* _What to do_
Below are some records. Return exactly their lines from the one containing "Изящный, небольшой букет" through the one containing "正位星币首牌、逆位权杖皇后", and drop the pictures.

+++ Data excerpts +++

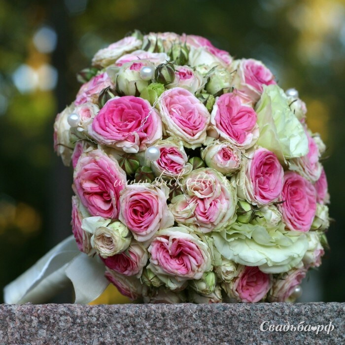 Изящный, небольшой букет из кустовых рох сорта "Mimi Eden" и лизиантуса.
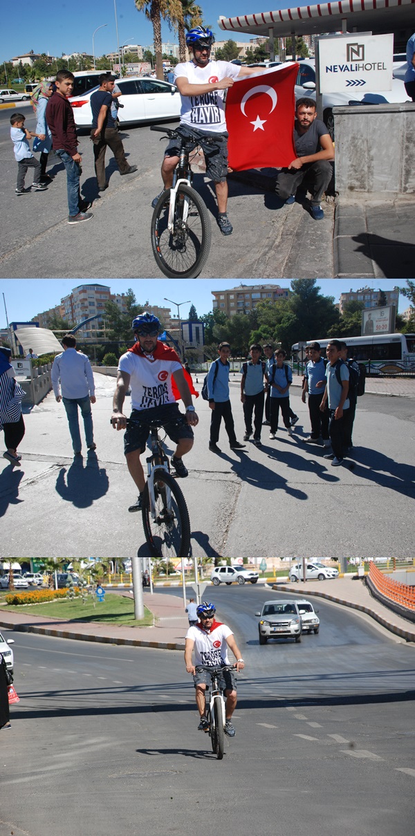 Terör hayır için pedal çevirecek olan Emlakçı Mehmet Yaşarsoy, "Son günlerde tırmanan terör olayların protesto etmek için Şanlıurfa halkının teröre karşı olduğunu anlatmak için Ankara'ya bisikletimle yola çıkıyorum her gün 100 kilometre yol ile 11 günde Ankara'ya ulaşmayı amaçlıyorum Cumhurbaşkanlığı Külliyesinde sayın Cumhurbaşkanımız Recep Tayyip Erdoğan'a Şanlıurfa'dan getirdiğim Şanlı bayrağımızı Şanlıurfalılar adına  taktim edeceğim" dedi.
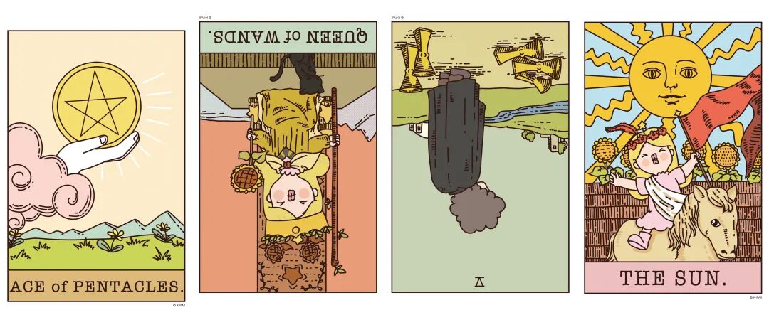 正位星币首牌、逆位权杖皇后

+++
+++ Data excerpts +++

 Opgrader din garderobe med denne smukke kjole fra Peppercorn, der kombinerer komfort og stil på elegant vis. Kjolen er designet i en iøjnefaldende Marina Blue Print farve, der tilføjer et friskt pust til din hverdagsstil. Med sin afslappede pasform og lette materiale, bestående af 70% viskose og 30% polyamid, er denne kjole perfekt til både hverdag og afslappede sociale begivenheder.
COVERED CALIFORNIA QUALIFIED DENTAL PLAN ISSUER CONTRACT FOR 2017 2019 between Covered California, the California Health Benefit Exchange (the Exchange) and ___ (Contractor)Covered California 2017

+++

* _Response below_
 Изящный, небольшой букет из кустовых рох сорта "Mimi Eden" и лизиантуса.
 Terör hayır için pedal çevirecek olan Emlakçı Mehmet Yaşarsoy, "Son günlerde tırmanan terör olayların protesto etmek için Şanlıurfa halkının teröre karşı olduğunu anlatmak için Ankara'ya bisikletimle yola çıkıyorum her gün 100 kilometre yol ile 11 günde Ankara'ya ulaşmayı amaçlıyorum Cumhurbaşkanlığı Külliyesinde sayın Cumhurbaşkanımız Recep Tayyip Erdoğan'a Şanlıurfa'dan getirdiğim Şanlı bayrağımızı Şanlıurfalılar adına  taktim edeceğim" dedi.
 正位星币首牌、逆位权杖皇后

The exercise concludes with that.